Craig Fulthorpe: Retired Senior Research Scientist

Craig Fulthorpe By Alan Gomez

Craig Fulthorpe was born and raised in Newcastle in northern England, nearly 300 miles from bustling London and, in his mind, a world away from everything. His father was a factory worker and his mother worked office jobs all her life, but Fulthorpe knew that way of life wasn’t for him. He wanted to see the world.

“I always thought the important stuff was happening somewhere else,” he said. “I didn’t want to miss out.”

That’s why, after graduating from the University of Leeds with a bachelor’s degree in civil engineering and working at an engineering firm in Newcastle for a couple of years, he left the United Kingdom and started his new life in the United States.

At first it was Chicago, where he earned a master’s degree in geotechnical engineering at Northwestern University. And then, while working on his doctoral degree in geological sciences, he got a call that would set him on a lifetime of adventuring.

A member of an upcoming trip aboard a research ship had dropped out and they were looking for a replacement. Fulthorpe leapt at the opportunity, joining Ocean Drilling Program Leg 101, a six-week research cruise through the Bahamas. It would be the first of 17 voyages, several lasting

as long as two months and taking him to the waters off New Jersey, California, New Zealand and Australia.

“When I look back, it’s pretty remarkable that any of this actually happened,” said Fulthorpe, who retired in August 2021 after 31 years at the University of Texas Institute for Geophysics.

Fulthorpe focused his research on continental margins, the region where continental crust extends beneath the ocean to abut oceanic crust. Those regions are tantalizing for geologists because they provide relatively easy access to a sedimentary record that’s built up over millions of years, what Fulthorpe describes as “an archive of geological history.”

That gave Fulthorpe a view of the ups and downs of sea level and led to some unexpected finds. While working on the eastern margin of the South Island of New Zealand, he

observed massive, buried, U-shaped troughs in the margin that he realized were created not by variations in sea level, but by strong currents flowing through the Pacific Ocean.

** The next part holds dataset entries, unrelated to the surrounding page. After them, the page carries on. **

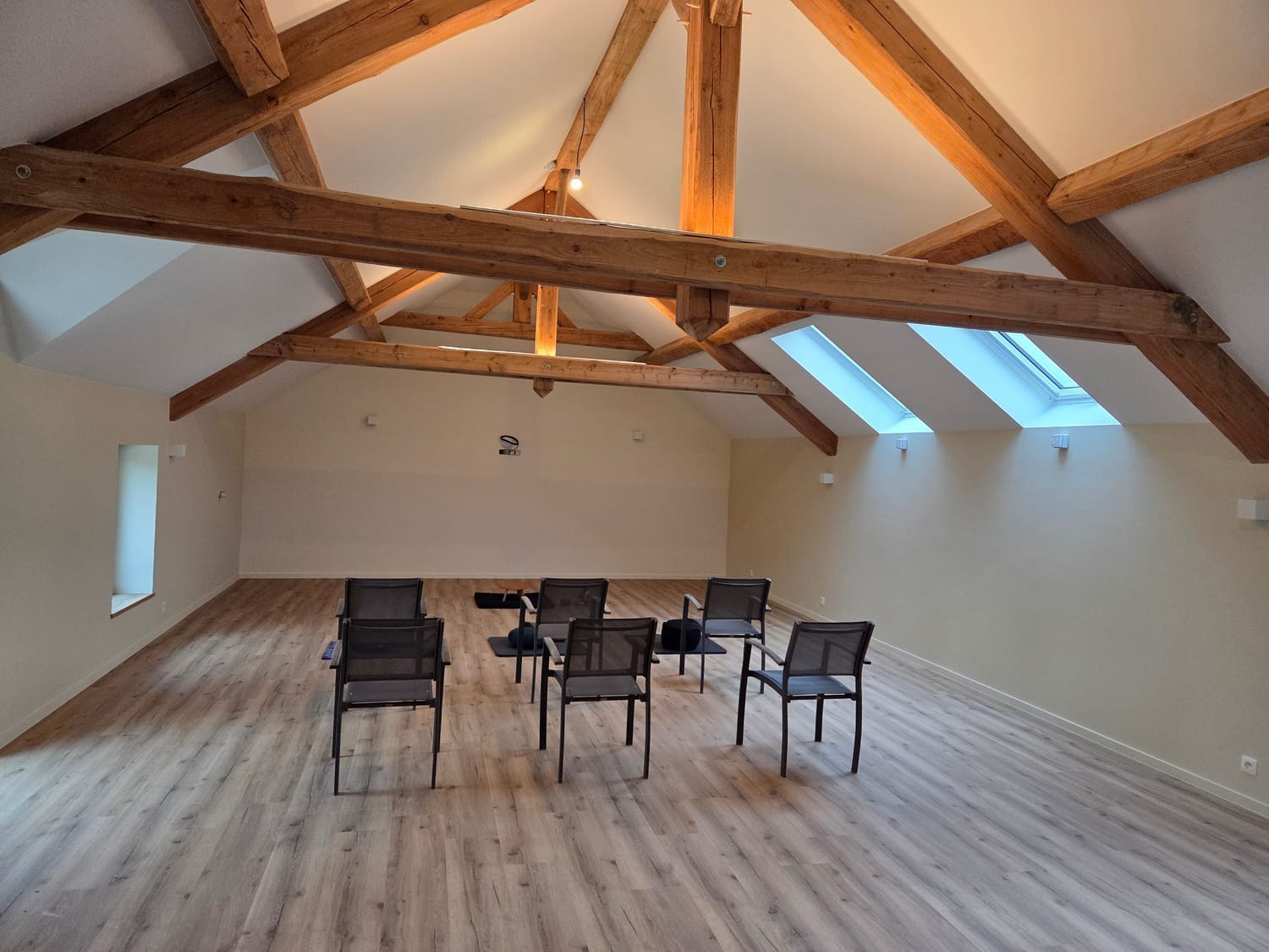 La salle de méditation, chaleureuse et lumineuse, se distingue par ses poutres apparentes et son ambiance douce, idéale pour se détendre, se recentrer et lâcher prise. Tout a été pensé pour favoriser le bien-être et la sérénité.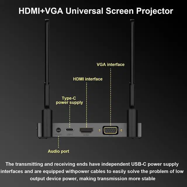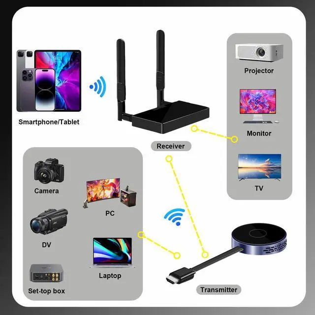 Designed for high performance, the wireless transmitter features a high-sensitivity antenna that effortlessly transmits uncompressed high-definition video and digital audio, ensuring a flawless media experience. Setting up the system is incredibly easyno apps, software, or WiFi connection is required. Just connect the transmitter to your HDMI source, hook up the receiver to your display device, power up, and you'll be ready to go in just 20 seconds with a true plug-and-play experience. Plus, with its compact design and absence of cumbersome cables, you can easily carry and use the system wherever you need it.
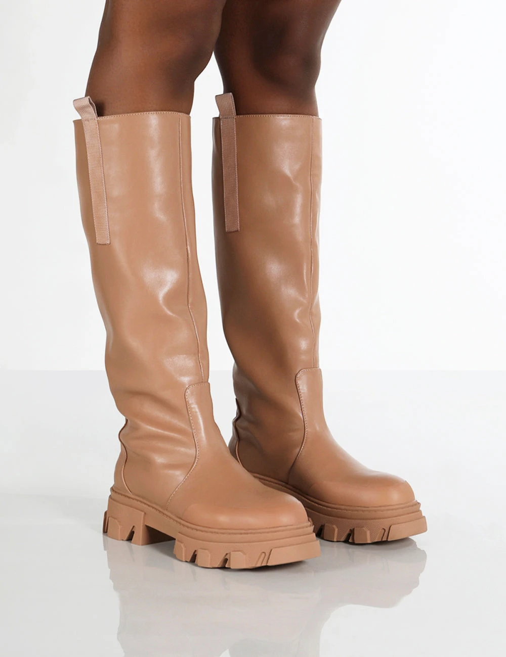 Genius features a chunky sole and a knee-high design. These boots are perfect for this season.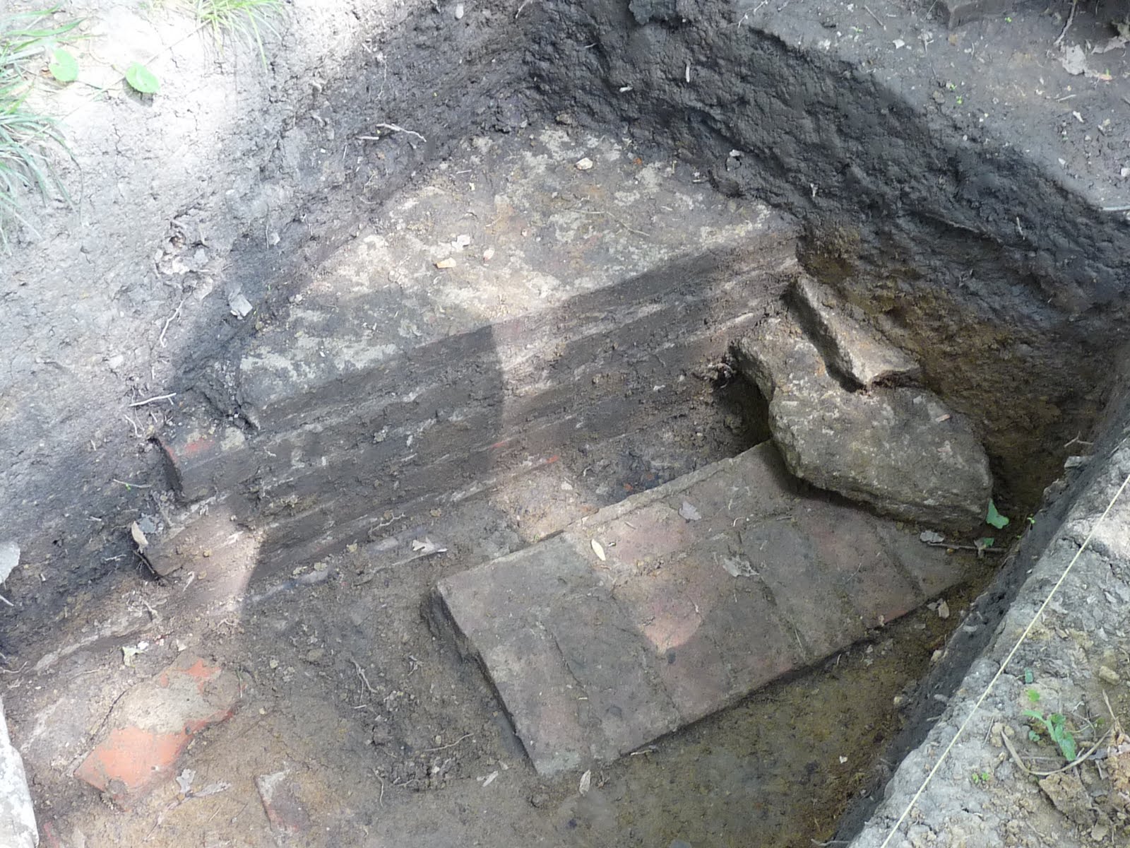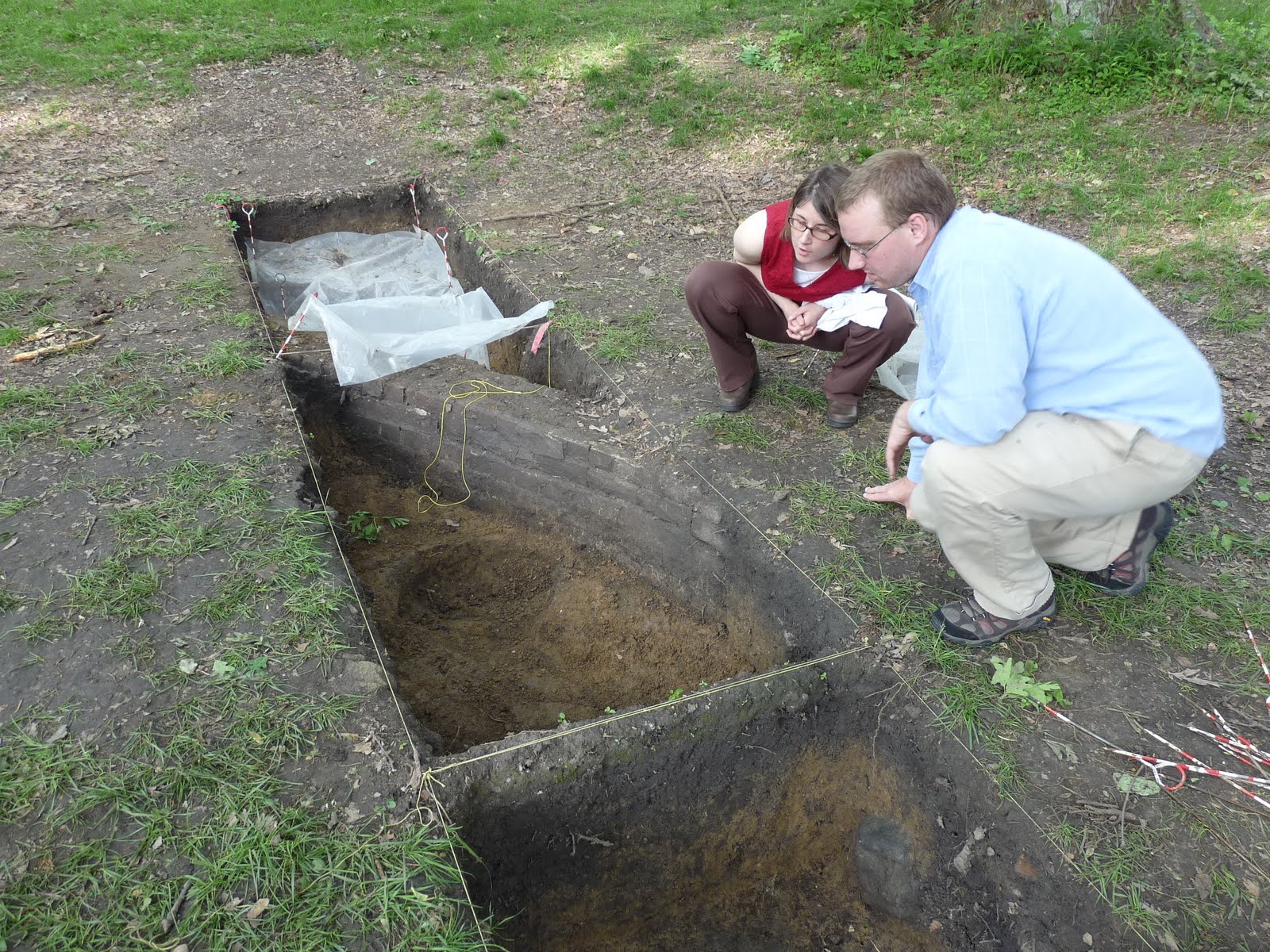 Outside, archaeologists from Weintraut & Associates in Zionsville are working with students from the University of Indianapolis to uncover General Wallace’s backyard reflecting pool. Over weeks of painstaking work, they have found the brick perimeter topped by capstones lying just inches below the surface of the lawn.

That discovery altered the way geologists viewed the margin, but Fulthorpe downplayed the revelation, saying his body of research was more about continuing to fill in the sedimentary record to help the scientific community better comprehend

what’s happening now and what may occur in the future. “You have to understand the whole history to realize which

bits are relevant today,” he said.

In his later years, Fulthorpe joined the Jackson School’s Gulf of Mexico Basin Depositional Synthesis (GBDS) project, a comprehensive, industry-supported attempt to map the entire

basin to better understand its history and depositional systems. Fulthorpe reveled in one last opportunity to explore a new corner of the world.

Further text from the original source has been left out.